----- DATA FOR THE TASK
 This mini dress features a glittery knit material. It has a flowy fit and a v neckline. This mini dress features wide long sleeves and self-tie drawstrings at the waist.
----------
----- DATA FOR THE TASK
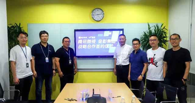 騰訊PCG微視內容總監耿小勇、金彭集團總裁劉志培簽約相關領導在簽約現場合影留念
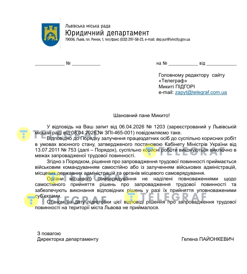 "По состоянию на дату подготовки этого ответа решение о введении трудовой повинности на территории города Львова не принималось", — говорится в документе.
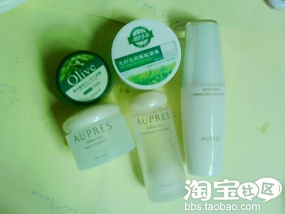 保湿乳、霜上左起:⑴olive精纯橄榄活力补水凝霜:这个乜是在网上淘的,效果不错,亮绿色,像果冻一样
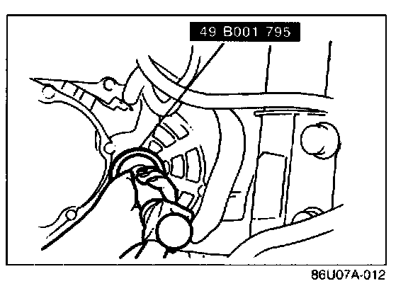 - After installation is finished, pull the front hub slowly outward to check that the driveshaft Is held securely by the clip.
----------
----- DATA FOR THE TASK
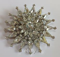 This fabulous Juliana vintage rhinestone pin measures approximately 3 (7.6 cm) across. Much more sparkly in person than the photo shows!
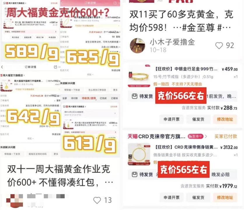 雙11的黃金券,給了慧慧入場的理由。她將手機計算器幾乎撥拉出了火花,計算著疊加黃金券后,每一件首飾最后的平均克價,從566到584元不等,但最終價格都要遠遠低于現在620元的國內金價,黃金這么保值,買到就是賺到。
----------
TASK REQUIREMENTS
Exactly as written above, retype the lines starting at the one holding "保湿乳、霜上左起:⑴oliv" and ending at the one holding "- After installation", both included, but not the pictures.

RESPONSE TO THE TASK
 保湿乳、霜上左起:⑴olive精纯橄榄活力补水凝霜:这个乜是在网上淘的,效果不错,亮绿色,像果冻一样
 - After installation is finished, pull the front hub slowly outward to check that the driveshaft Is held securely by the clip.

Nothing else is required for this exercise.